Microlens fiber coupling enhances performance of EDFAs

Nov 1st, 2001
78130

Suganda Jutamulia

Improving the beam-coupling efficiency between pump laser diode and optical fiber is critical to EDFAs. A cylindrical meniscus microlens can correct for beam circularity and astigmatism in a single step and be integrated with the diode in a compact package.

Maximizing the efficiency of DWDM systems using erbium-doped fiber amplifiers (EDFAs) requires careful attention to the coupling between the EDFA pump laser diode (usually a 980-nm diode) and the optical fiber itself. A less-than-optimal coupling can be a significant source of energy loss and signal degradation, leading directly to increased energy consumption and higher overall system costs. Furthermore, optimizing the coupling efficiency can also ease manufacturing tolerances, resulting in lower manufacturing costs per device.
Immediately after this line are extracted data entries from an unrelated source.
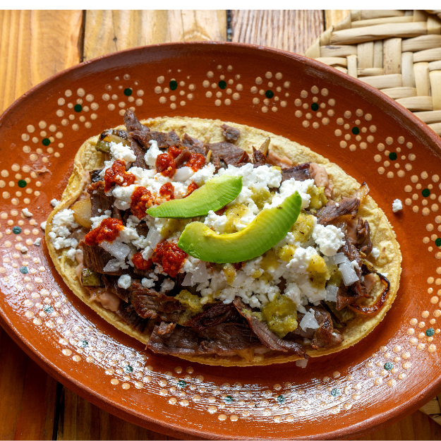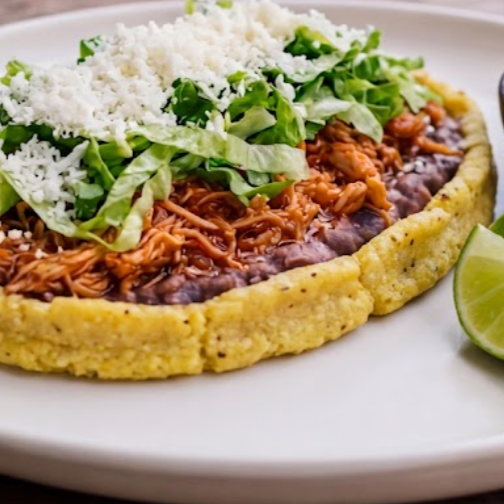 Delicioso sope con frijolitos, lechuga y guiso a elegir.
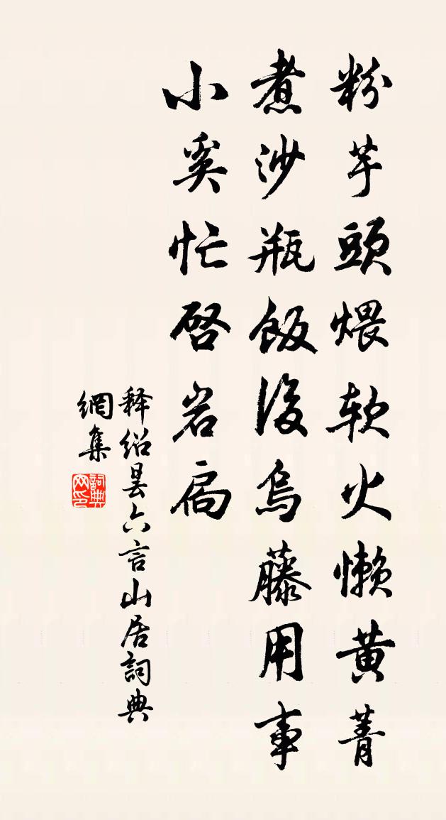 詩詞名句歷史字典書法欣賞書法字典國語詞典說文解字康熙字典古漢語字典標 題 作 者 詩 句 六言山居作者:釋紹曇 朝代:宋代六言山居原文粉芋頭煨軟火,懶黃菁煮沙瓶。飯後烏藤用事,小奚忙啟岩扃。詩詞問答問:六言山居的作者是誰?答:釋紹曇問:六言山居寫於哪個朝代?答:宋代釋紹曇六言山居書法欣賞六言山居書法作品詩詞推薦題妙覺寺朱利賓〔宋代〕有民增吏役,無事愛僧家。不憚山頭路,來煎飯後茶。鍾魚雖闃寂,松竹自交加。掃榻須盤薄,吾生會有涯。贈太子太傅康靖李公輓歌詞二首司馬光〔宋代〕黃髮今彫喪,蒼生欲奈何。散金纏極樂,曳杖已成歌。十郡余恩在,三台故吏多。位崇仍有後,五福更為多。醉宿慈氏院晨起張耒〔宋代〕痛飲淋漓半夜醒,披衣坐得曉窗明。風松一夕清無限,壚火三更暖有情。孤閣鳴鐘天黯慘,寒山戴雪晚崢嶸。年來湖上遇雨鄭獬〔宋代〕老龍怒相搏,快雨忽噴灑。天公白羽箭,竦竦射萬瓦。電眼窺人屋,狂雷震欲下。直疑惡溪山,掃除重造化。頃之瑞鷓鴣趙希蓬〔宋代〕強將紙帳醉梅花。千劫應知作熱沙。夢逐梨雲迷去路,曲隨楊柳到伊家。客懷暗遣心頭恨,醉眼休將口上夸。清曉次韻楊廷秀周必大〔宋代〕江國群芳自有餘,詩才酒興不愁無。卻憐西蜀移根遠,醉向東風落筆初。生查子·題京口郡治塵表亭辛棄疾〔宋代〕悠悠萬世功,矻矻當年苦。魚自入深淵,人自居平土。紅日又西沉,白浪長東去。不是望金山,我自思量禹。梁州令歐陽修〔宋代〕紅杏牆頭樹。紫萼香心初吐。新年花發舊時枝,徘徊千繞,獨共東風語。陽台一夢如雲雨。為問今何處。離情別恨和十二兄五首晃沖之〔宋代〕我家溱洧間,春水色如酒。嵩少在吾旁,日夕意亦厚。田園雖不廣,幽興隨事有。藥畦灌陳根,芋區采駢首。春郊示全真元常(元常,趙氏生)韋應物〔唐代〕余辭郡符去,爾為外事牽。寧知風雪夜,復此對床眠。始話南池飲,更詠西樓篇。無將一會易,歲月坐推遷。送趙侯之任戴震伯〔宋代〕趙侯東南彥,遠作西南征。驪駒向前路,高秋不留行。送以奉林鶴,仍吹子晉笙。淵淵洞庭湖,古月今猶明。流輝挽橫海曾朝議王義山〔宋代〕父子眉山多一蘇,衣冠盛事再堪圖。岫雲懶出官情薄,霖雨未成輿望孤。橫海僅存遺藁在,臨川有此老師無。瓣香和徐秘書徐鉉〔唐代〕年少支離奈命何,悲秋懷舊苦吟多。龍泉有氣終難掩,荊玉無瑕豈憚磨。會偶良工收杞梓,莫將閒夢掛煙蘿。他年偈頌二百零五首釋正覺〔宋代〕影略門前倒剎竿,箇中訊息授傳難。玲瓏侍者能相委,盤走明珠珠走盤。和高諫議蒙兼賓客時入翰苑姚合〔唐代〕兼秩恩歸第一流,時尋仙路向瀛洲。鐘聲迢遞銀河曉,林色蔥籠玉露秋。紫殿講筵鄰御座,青宮賓榻入龍樓。從來紹興十年發皇太后冊寶八首佚名〔宋代〕聲樂備陳,禮容罔武。相維辟公,虔奉玉冊。皇則受之,慕形於色。既壽且康,興天無極。書近事二首劉克莊〔宋代〕石衛尉家先沒入,黔婁生處亦誅求。客嘲未悟漫天戲,鬼瞰皆知偃月謀。不許他人分越國,預拚異日去崖州。傍觀游熙六年端午帖子詞皇后合五首崔敦詩〔宋代〕瑞麥登時物,香蒲薦壽祺。珠囊新樣小,蹙就葛覃詩。沁園春(御閱還上郭殿帥)劉過〔宋代〕玉帶猩袍,遙望翠華,馬去似龍。擁貂蟬爭出,千宮鱗集,貔貅不斷,萬騎雲從。細柳營開,團花袍窄,人指汾陽埇橋達奚四、於十九、陳大三侍御夜宴敘各賦二韻權德輿〔唐代〕滿樹鐵冠瓊樹枝,樽前燭下心相知。明朝又與白雲遠,自古河梁多別離。名句推薦跨馬出郊時極目,不堪人事日蕭條杜甫《野望》 上交不諂,下交不瀆佚名《易傳·繫辭傳下·第五章》 林下春晴風漸和,高崖殘雪已無多。王守仁《春晴》 垓下美人泣楚歌,定陶美人泣楚舞,真龍亦鼠虎亦鼠。王象春《書項王廟壁》 荊吳相接水為鄉,君去春江正淼茫。孟浩然《送杜十四之江南 / 送杜晃進士之東吳》 常人安於故習,學者溺於所聞。商鞅《商君書·更法》 年年社日停針線。怎忍見、雙飛燕。黃公紹《青玉案·年年社日停針線》 南園春半踏青時,風和聞馬嘶。歐陽修《阮郎歸·南園春半踏青時》 香非在蕊,香非在萼,骨中香徹。晁補之《鹽角兒·亳社觀梅》 淡盪春光寒食天。玉爐瀋水裊殘煙。李清照《浣溪沙·淡盪春光寒食天》
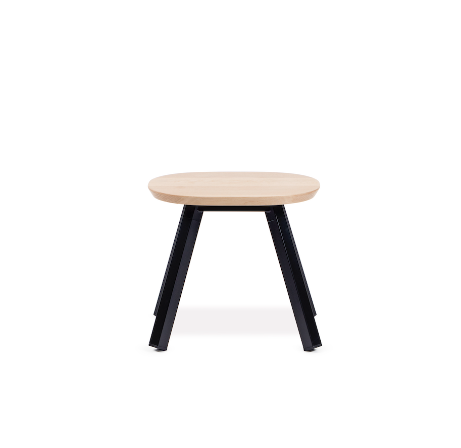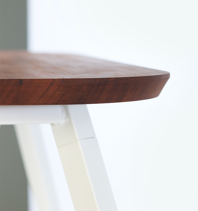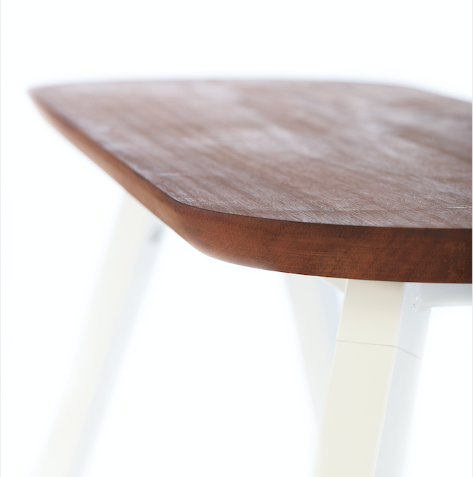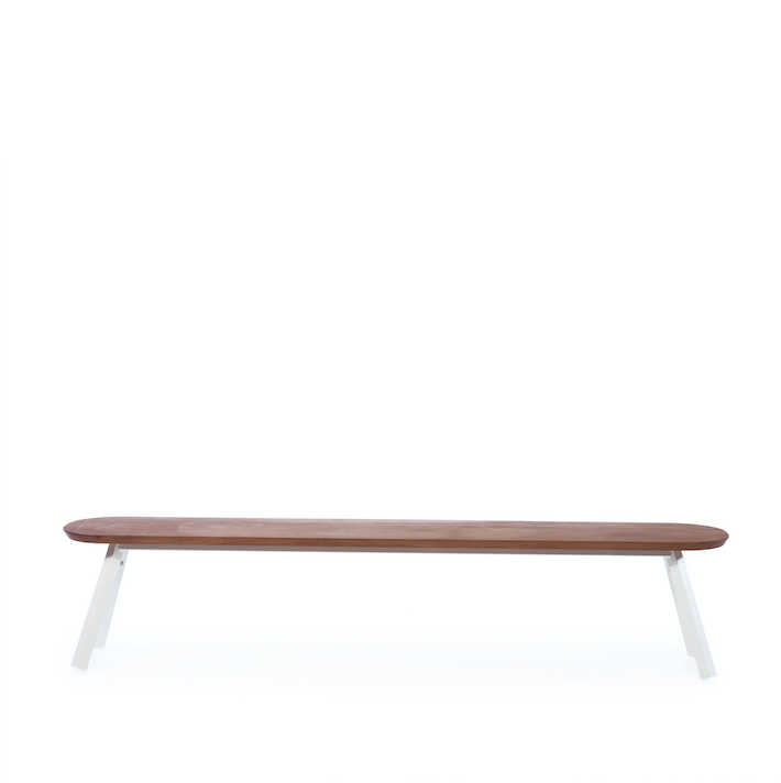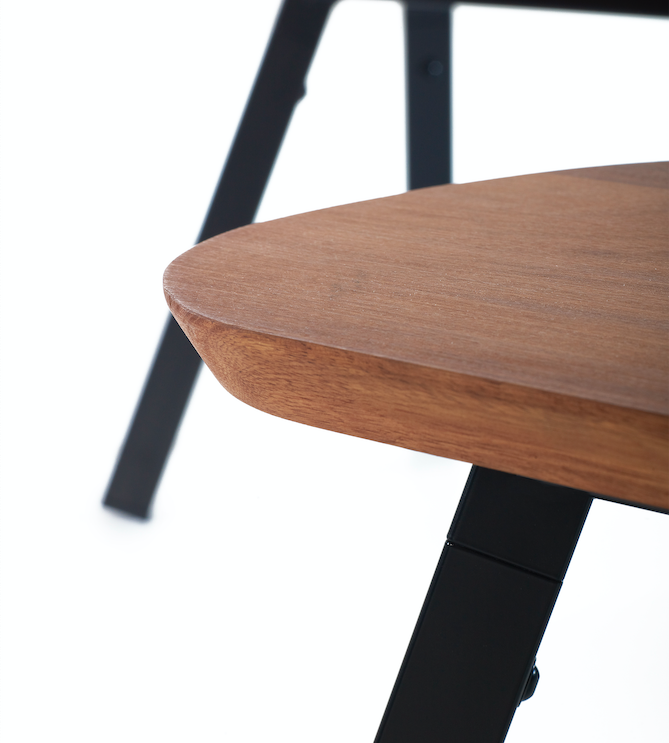 Structure: Steel with cataphoretic coating process with polyester paint in black or white. Seat in Iroko wood for indoor and outdoor and also in Solid Oak only for indoor.
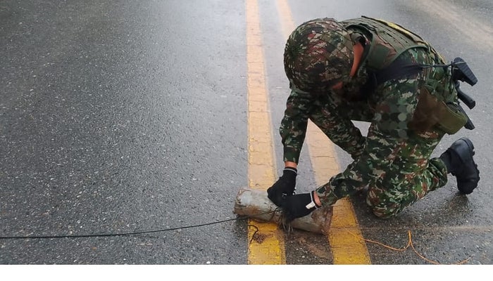 Así mismo, dijo el oficial que son cinco artefactos explosivos de alto poder destructivo que fueron localizados en un área cercana a la institución educativa El Limón, de los cuales fueron destruidos de manera controlada por técnicos especializados del Grupo de Manejo de Artefactos Explosivos de la Segunda División del Ejército Nacional, salvaguardando la vida e integridad de la comunidad, transportadores y transeúntes que se desplazaban por este eje vial.
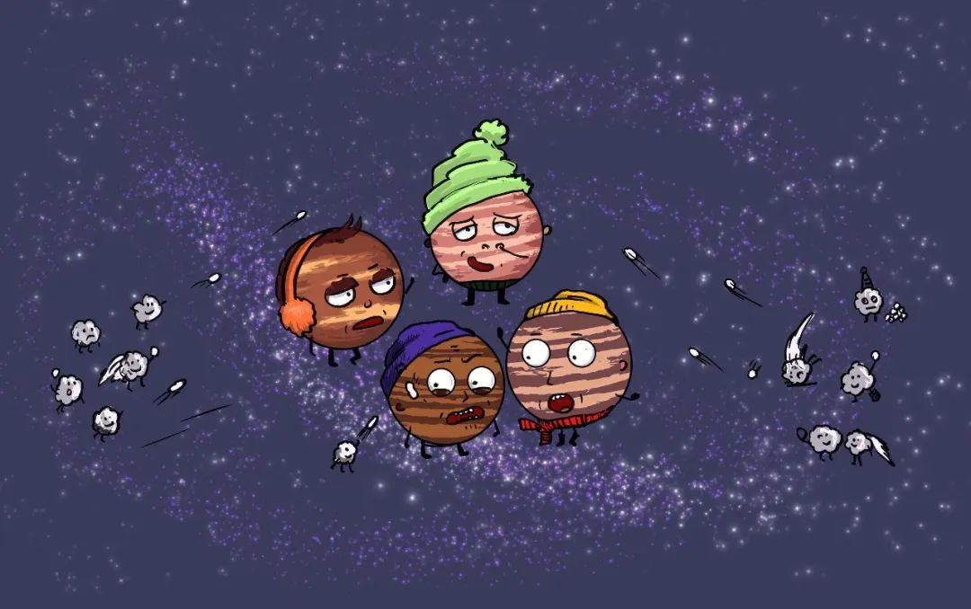 从太阳向外计算,太阳系由四个岩石行星、一个小行星带、四个气体巨星和另一个小行星带组成。内行星富含金属和硅酸盐等耐火材料,外行星富含水和甲烷等挥发性物质。在形成过程中,内行星很难收集到挥发性的大气,因为强烈的太阳风不断地将气体吹走。与此同时,来自太阳的热量蒸发了任何冰块,因此更难保持水分。
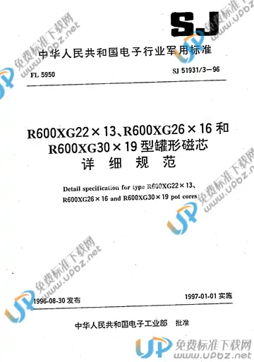 SJ 51931/3-1996 r600xg22×13、r600xg26×16和r600xg30×19型罐形磁芯详细规范
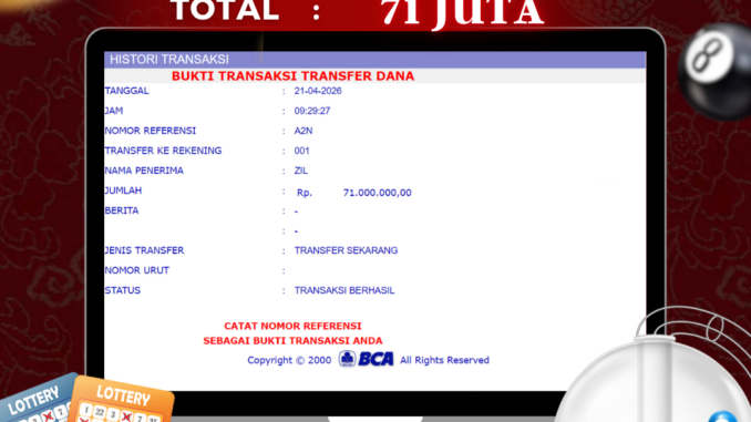 NAGA303 mengucapkan selamat kepada user id :JAY*** yang telah berhasil mendapatkan jackpot pada permainan TOGEL DI JOWOPOOLS. Kemenangan sebesar Rp 71.000.000,-. telah dibayarkan LUNAS oleh pihak naga303 kepada pemilik user id setelah yang bersangkutan mengisi formulir withdraw. Proses pencairan dana berlangsung sangat cepat hanya dalam waktu 6-11 menit sudah berada dalam rekening pemilik user id. Bukti transfer yang dapat anda lihat adalah bukti SAH / VALID yang langsung di dapatkan melalui bukti transaksi dari Bank yang digunakan untuk pengiriman dana pada rekening pemilik user id. Terima kasih kami sampaikan kepada para pengguna setia naga303 yang telah menggunakan situs kami, sebagai Bandar Terpercaya yang pastinya membayar semua kemenangan member hingga lunas. Apakah Naga303 PENIPU ? Reputasi “NAGA303 TERPERCAYA” sudah sangat melekat. puluhan hingga ratusan ribu pengguna setia NAGA303 tetap menggunakan situs terbesar dan terbaik di Indonesia ini. Hapus rasa was-was dan khawatir anda, kemenangan anda berapapun PASTI dibayarkan hingga lunas.

Typical edge-emitting laser diodes used as pump lasers in EDFAs are imperfect light sources because their emitting aperture is rectangular rather than square or circular, resulting in a laser output that is elliptical in cross section. Since maximum coupling efficiency requires accurate mode matching, a noncircular beam will always result in less-than-maximum fiber-coupling efficiency. In addition, because the emitting source-points of the fast and slow axes are offset, the laser diode is inherently astigmatic, which degrades the focus and reduces coupling efficiency. Finally, the fast axis may have a divergence that exceeds the numerical aperture of the focusing optics, resulting in clipping of the diode's output beam.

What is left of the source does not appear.